人拐い………?思い当たるところがあった。ありすぎる。というか、拐われかけた本人ですらある。だが何故それを…。


「何故それを妾達に依頼するのじゃ。この街は冒険者にとって世界の中心だと聞いておる。それをまさか人手不足とは言うまいな?他にも適任はおるはずじゃろう」

「もっともな疑問だね。それがねぇ、行方不明者がみんな若手の冒険者なんだよ。つまり今回の人拐い集団は新人冒険者(ルーキー)狙いなのさ。だからこの件に関しては、勿論君達以外の高レベル冒険者にも依頼は出すつもりだ」


ルーキー狙い………。それで僕達なのか。狙われやすいルーキーとしての情報収集。一応アル達は新人とは言えどもレベル18だ。他の新人は平均して14レベルくらいの人が多いだろうから、まぁ頼みやすいんだろうけど。


「具体的には僕達に何が出来るとお考えですか?」

「君達は何もしなくていい。………いやすまない、言い方が悪かったね。君達は普段通りに過ごしてくれ。君達の好きにダンジョンを攻略したり、他の依頼を受けて貰って構わない。その中でもしも、何か怪しいものを見つけたり聞いたりしたら報告してくれれば良い。事の解決には他のパーティに当たらせるから」


つまりは、それとなく情報を聞いたら教えてね。ぐらいの事か。でもそんな依頼があるのか?何かしらの裏がありそうな気はする。ルイさんの爽やかな笑顔を見ながらそんな事を考えつつ、アルは返事をした。


「まぁ………そういう事なら構いませんが」







「まぁ妾達は、特に何もしなくてよいと言っておったであろう。初めての依頼であるからとて、そんなに気負うでない」


先程倒したオークからドロップした肉を【保管(ストレージ)】に入れ、短剣についた血糊を拭く。シオンは腰に手を当てて高説しているが、容姿が容姿だけにあまり威厳という物はない。


「お主。失礼な事を考えてはおるまいな?」

「いんや別に?そろそろオーク肉で一杯だ。魔力も半分まで削れてるし、切り上げよう」


保管(ストレージ)】は、最大量以上に物を入れると、量に応じて魔力量、つまり魔力最大値が一時的に減ってしまう。
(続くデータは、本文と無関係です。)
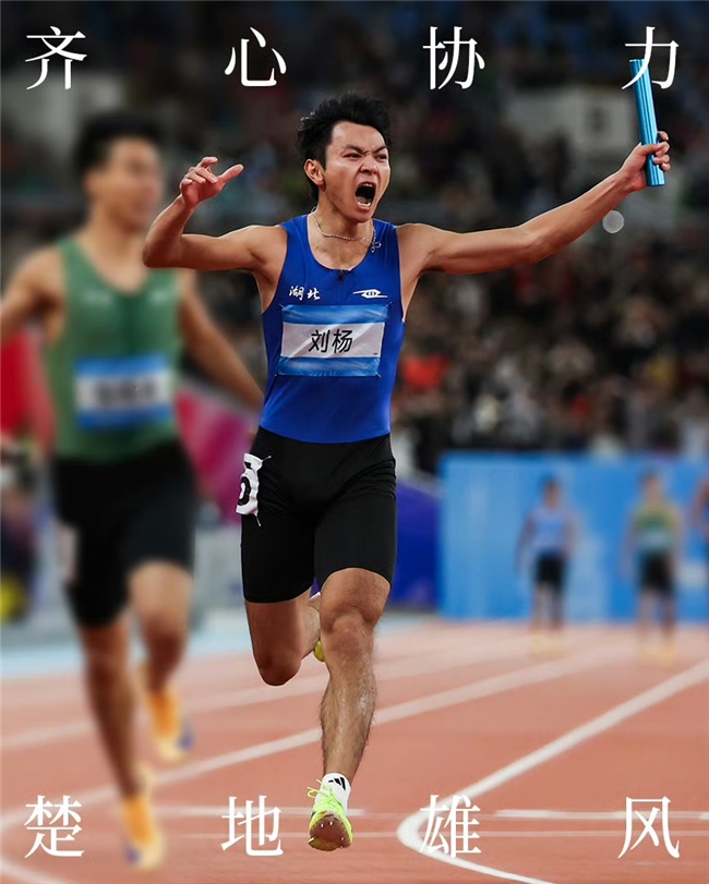 湖北队刘杨与李泽洋等队友通力合作,将男子4×100米接力的金牌收入囊中。

最近ではオークに対して魔力を温存しなければならない状況も無いと分かったので、魔力を削ってでもオーク肉を持ち帰る様にしていた。


今日はギルドで肉を売った後、神殿に行くつもりだ。二週間のダンジョンの成果。二人の感覚では、レベルアップしてもおかしくはないくらいの経験値を積んだはずだ。


最寄りの帰還水晶がある八層に向けて、アル達はダンジョンの奥に向かって進んでいった。